The Wisconsin Women’s Law Journal will celebrate its 20th anniversary with a symposium on December 5, 2005, beginning at 12:30 p.m. in Lubar Commons, Room 7200 of the UW Law School. Three distinguished speakers will present papers.
Keynote speaker is Katharine Silbaugh, professor and associate dean for academic affairs at Boston University School of Law. Silbaugh is widely recognized for her pioneering work on the legal response to women’s domestic labor. Recently, she contributed to the plaintiffs' case in Goodridge v. Department of Public Health, the landmark Massachusetts case leading to the first court-approved same-sex marriages in 2004.
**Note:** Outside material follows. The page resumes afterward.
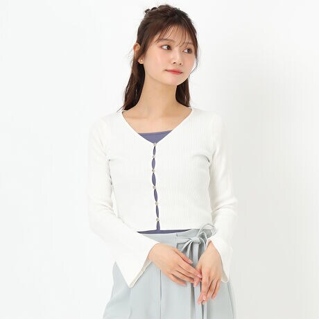 25春夏新作 フレア袖Vネックリブカーディガン

Silbaugh will present her article titled "The Practice of Marriage, in which she looks at a number of recent cases and developments, ranging from the Massachusetts Supreme Judicial Court opinion in Goodridge, the Terri Schiavo controversy, the prosecution of polygamist Tom Green in Utah, and the issuance of the ALI Family Law Principles, that have demonstrated that neither the functional nor the formal definition of marriage can survive on its own.
[CANCELLED: The symposium’s second presenter will be Jennifer Racine, a previous Wisconsin Women’s Law Journal (WWLJ) board member and registered patent attorney at LaFollete Godfrey & Kahn. Racine is currently co-teaching copyright law at the Law School. Her paper is titled, "A Dangerous Place for Society and its Troubled Young Women: A Call for an End to Newborn Safe Haven Laws in Wisconsin and Beyond." Racine argues that newborn safe haven laws neither prevent the abandonment of newborn children, nor help preserve the health and future of their mothers.]
The third presenter will be Sally Day, also a previous WWLJ board member. Day will speak on "Mothers in Prison: How the Adoption and Safe Families Act of 1997 Threatens Parental Rights." Day's article looks at mothers in the criminal justice system and examines how the Act has greatly diminished their chances of retaining parental rights while incarcerated. She will also discuss how race, gender and social class all play a part in determining which parents are in jeopardy of permanently losing their children to adoption. Day represents parents in Termination of Parental Rights proceedings as an appointed counsel of the Wisconsin State Public Defender in Milwaukee County.
All three presentations will be published in a forthcoming issue of the journal.